Project: Embedded Processor Design

Due: January 29, 1999

Modern automobiles use microprocessors extensively to provide optimum performance, comfort, and safety. Some automobiles use more than twenty processors to control various vehicle operations, such as engine timing, anti-lock brakes, climate control, and air-bag operation. Vehicle manufacturers are moving towards a centralized model, with a few “core” processors running a multitude of software processes. The advantages of this approach are fewer wires and higher reliability. Your job in this project is to explore the design space of the embedded processor.

As a processor architect, you have to maximize the performance and keep the cost of the processor below $80. You have to determine the area allocation for the various components, such as the on-chip L1 cache and the FPU. The figure of merit used to evaluate your design is:

\[ \text{cost} \times \text{CPI} \times \text{cycle-time} \]
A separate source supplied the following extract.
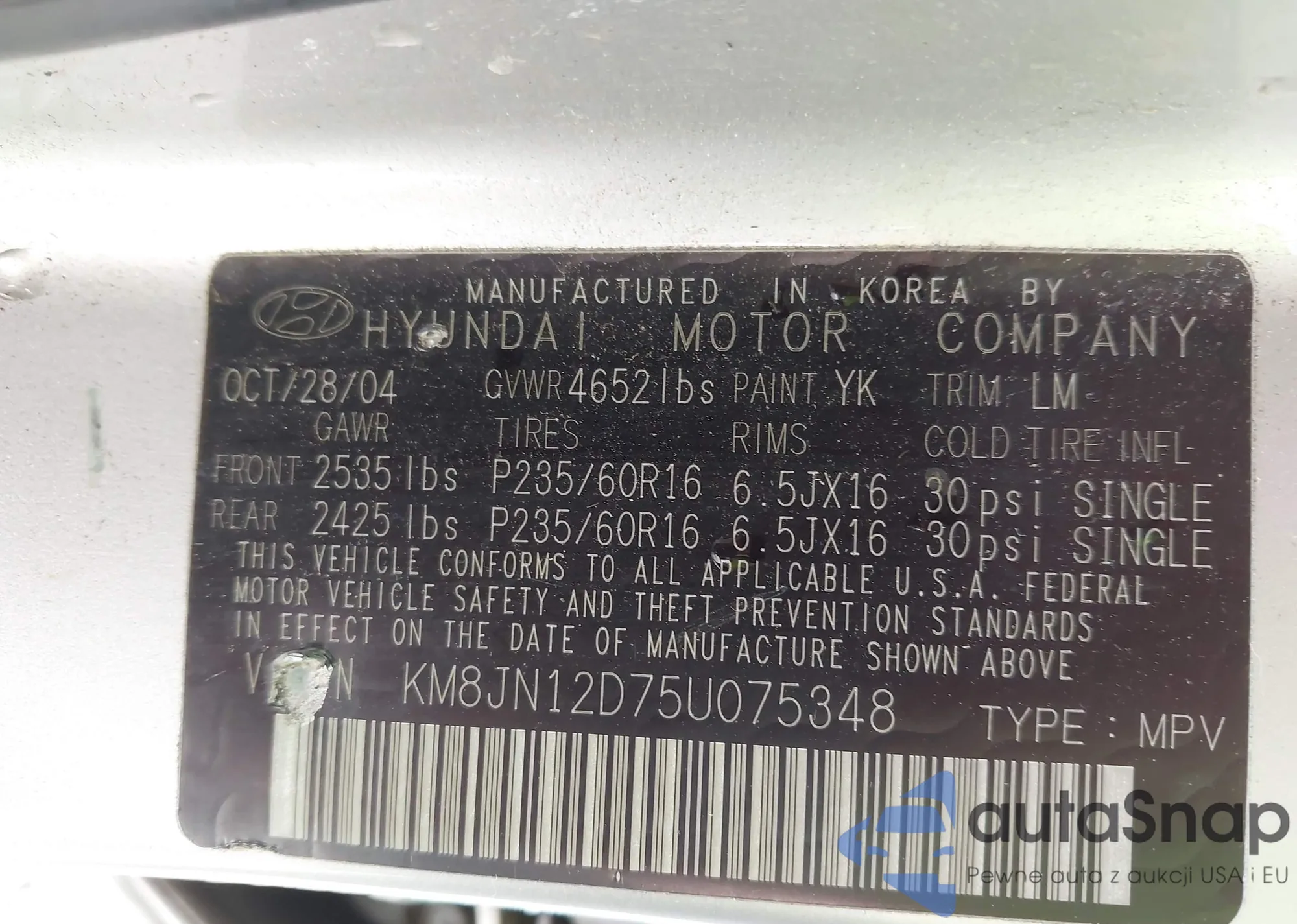 LOT: 42581656 VIN: KM8JN12D75U075348

The design tools are located at http://umunhum.stanford.edu/tools.

Specifications:

1. Technology

You have two choices of technology. The tradeoff is that even though the more advanced technology affords more performance, it may also prove to be more costly.

- Cost of an 8-in wafer is $3500.
- Technology 1: \( L_{\text{drawn}} = 0.25 \ \mu \text{m} \), and \( L_{\text{eff}} = 0.22 \ \mu \text{m}, \rho_d = 0.5 \) defects/cm\(^2\). Testing and packaging costs = $15/die.
- Technology 2: \( L_{\text{drawn}} = 0.18 \ \mu \text{m} \), and \( L_{\text{eff}} = 0.15 \ \mu \text{m}, \rho_d = 1.2 \) defects/cm\(^2\). Testing and packaging costs = $30/die.
- Use \( L_{\text{eff}} \) for cache access time calculation, and use \( L_{\text{drawn}} \) for cache area calculation.

2. Basic Assumptions

- See Fig. 2.27 in the book for basic area assumptions.
- The core integer processor can issue up to 2 instructions per cycle with Area = 60A. The baseline CPI (excluding cache and FPU) is 0.8 CPI.
• Assume 0.6 I-reads/instruction, 0.3 D-reads/instruction, and 0.1 D-
writes/instruction.
• The minimum cycle times for the Integer Unit are 3.3ns for Technology
1, and 2.2ns for Technology 2. Both the Integer Unit and the L1 cache
run on the same clock. Hence, the overall cycle time is determined by
the slower of the Integer Unit and the L1 cache cycle times.
• Additional 50% of (Integer + FPU) area is required for latches/buses,
and inter-unit control.
• 10% of the cache area is unusable due to aspect-ratio mismatches.
• 20% of the gross area is used for I/O pads.
• Memory system parameters are:
  \[ T_{\text{access}} = 40 \text{ ns} \]
  \[ T_{\text{bus}} = 4 \text{ ns} \]
  \[ \text{Bus Width} = 8 \text{ bytes} \]
  \[ T_{\text{line}} = T_{\text{access}} + \left( \frac{\text{Line Size}}{\text{Bus Width}} - 1 \right) T_{\text{bus}} \]

3. Caches

• Both L1 and L2 caches are dual-ported and use 6-T cells.
• The effective cache cycle time is 20% greater than the cache cycle
time reported by the cache tool. This accounts for data transfer time
from cache to the register file.
• Write-through caches use no-write-allocate policy.
• Write-back caches use write-allocate policy. The dirty-line ratios are:
  \[ w = 0.3 \text{ for a unified cache} \]
  \[ w = 0.5 \text{ for a data cache} \]
• You may also consider an on-chip L2 cache. The access time of an
on-chip L2 cache is ceiling(L2 access time/Processor cycle time) + 2
cycles. The additional 2 cycles accounts for address translation and
data transfer.
• Assume that there are 2 different processes executing R/M
instructions. The quantum length is 100,000 instructions per process.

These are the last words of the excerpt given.